### Task
From the material below, set down exactly the lines that run from the one containing "White and yellow plumeria flowers on tree" to the one containing "En plus de la", minus the pictures.

### Excerpted records
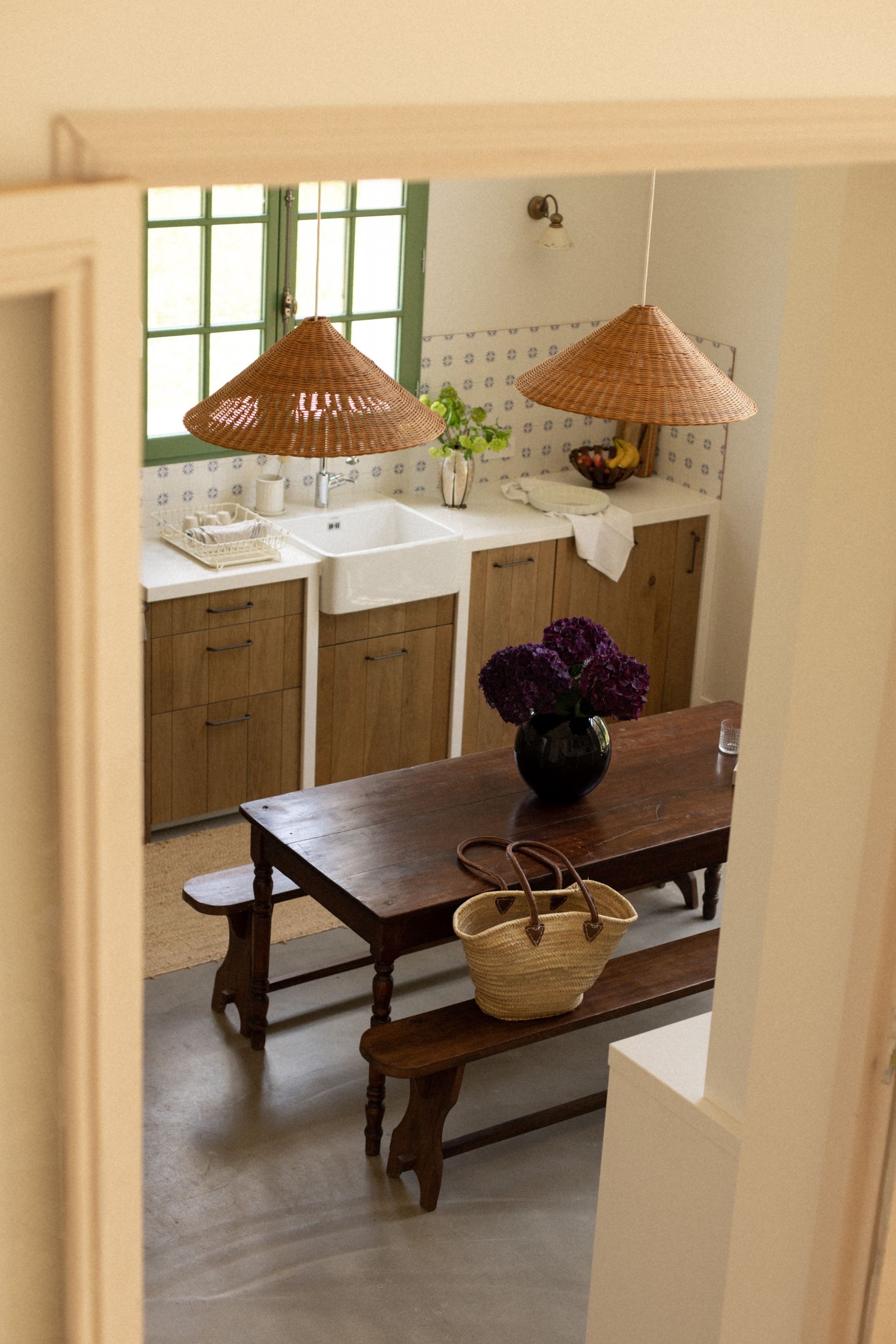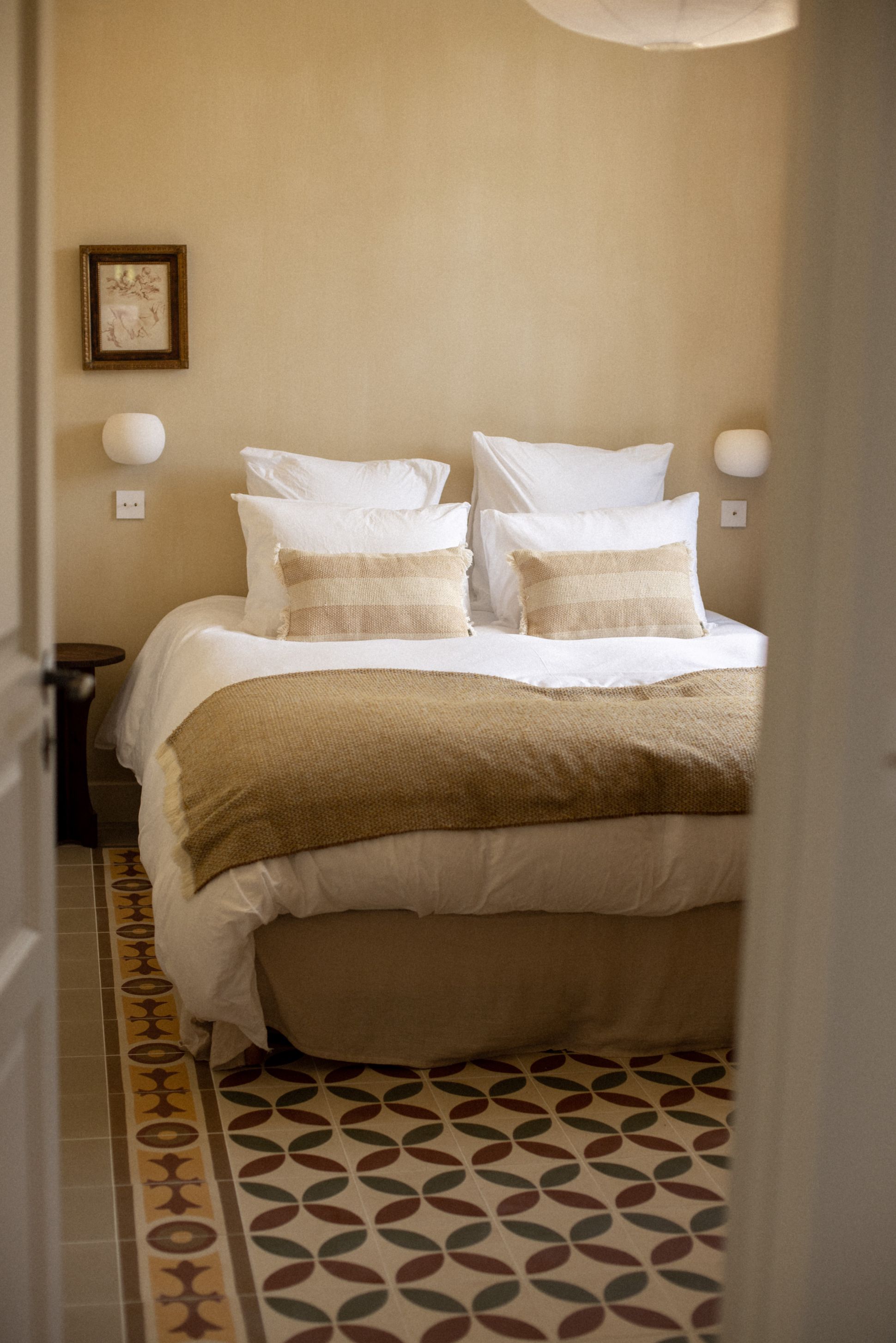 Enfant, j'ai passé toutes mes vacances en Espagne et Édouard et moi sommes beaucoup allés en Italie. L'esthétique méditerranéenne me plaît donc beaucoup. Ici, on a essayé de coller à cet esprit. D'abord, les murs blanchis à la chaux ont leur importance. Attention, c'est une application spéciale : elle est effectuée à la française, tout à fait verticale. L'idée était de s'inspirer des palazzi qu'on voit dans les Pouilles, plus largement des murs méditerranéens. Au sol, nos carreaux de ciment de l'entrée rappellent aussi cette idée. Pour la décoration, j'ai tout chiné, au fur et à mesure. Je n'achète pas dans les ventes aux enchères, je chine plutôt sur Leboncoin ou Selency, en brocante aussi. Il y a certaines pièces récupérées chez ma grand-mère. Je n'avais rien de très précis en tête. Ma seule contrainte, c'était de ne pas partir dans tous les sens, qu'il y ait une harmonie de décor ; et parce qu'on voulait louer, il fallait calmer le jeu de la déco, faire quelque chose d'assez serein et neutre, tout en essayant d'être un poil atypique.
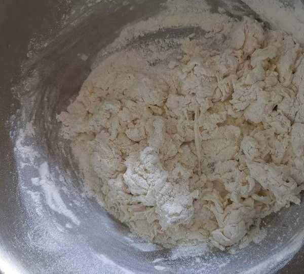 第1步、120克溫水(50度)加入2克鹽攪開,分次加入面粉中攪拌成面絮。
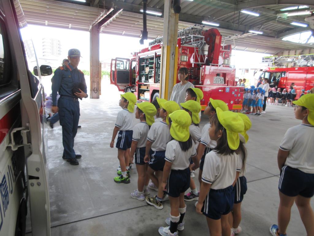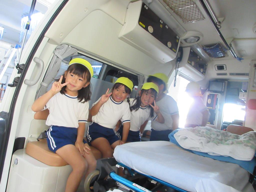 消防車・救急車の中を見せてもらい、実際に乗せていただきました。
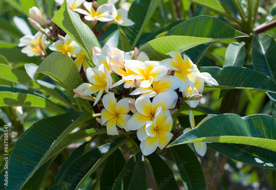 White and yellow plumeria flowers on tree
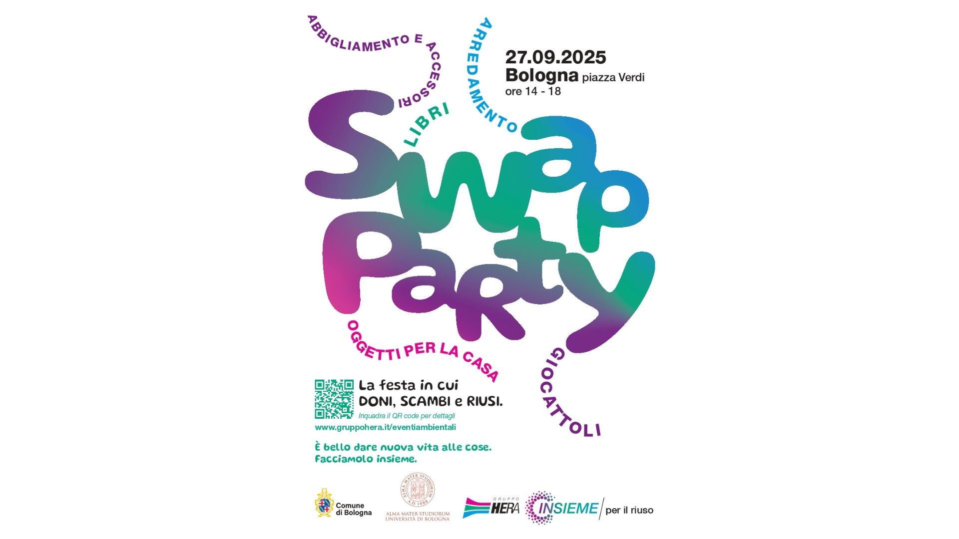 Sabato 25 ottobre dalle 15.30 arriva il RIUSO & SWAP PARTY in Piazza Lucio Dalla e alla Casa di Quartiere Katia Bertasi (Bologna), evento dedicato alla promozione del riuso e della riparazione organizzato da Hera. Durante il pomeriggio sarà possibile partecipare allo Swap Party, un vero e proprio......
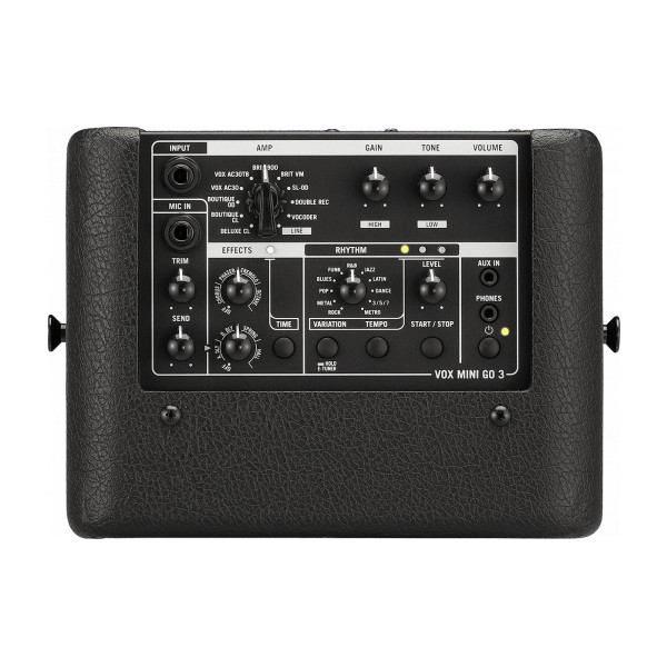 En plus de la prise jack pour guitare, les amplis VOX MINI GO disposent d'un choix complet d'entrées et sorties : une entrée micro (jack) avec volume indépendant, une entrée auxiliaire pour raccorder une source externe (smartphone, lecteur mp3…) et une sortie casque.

--

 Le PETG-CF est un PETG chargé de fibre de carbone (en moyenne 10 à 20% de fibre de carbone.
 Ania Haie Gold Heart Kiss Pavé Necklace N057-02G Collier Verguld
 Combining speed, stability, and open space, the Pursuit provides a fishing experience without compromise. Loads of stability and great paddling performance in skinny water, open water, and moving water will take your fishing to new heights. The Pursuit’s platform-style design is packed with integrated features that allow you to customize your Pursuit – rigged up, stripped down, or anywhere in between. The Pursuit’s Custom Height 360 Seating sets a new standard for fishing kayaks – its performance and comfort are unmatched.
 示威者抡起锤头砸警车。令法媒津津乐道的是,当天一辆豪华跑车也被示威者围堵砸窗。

### Output for this task
 White and yellow plumeria flowers on tree
 Sabato 25 ottobre dalle 15.30 arriva il RIUSO & SWAP PARTY in Piazza Lucio Dalla e alla Casa di Quartiere Katia Bertasi (Bologna), evento dedicato alla promozione del riuso e della riparazione organizzato da Hera. Durante il pomeriggio sarà possibile partecipare allo Swap Party, un vero e proprio......
 En plus de la prise jack pour guitare, les amplis VOX MINI GO disposent d'un choix complet d'entrées et sorties : une entrée micro (jack) avec volume indépendant, une entrée auxiliaire pour raccorder une source externe (smartphone, lecteur mp3…) et une sortie casque.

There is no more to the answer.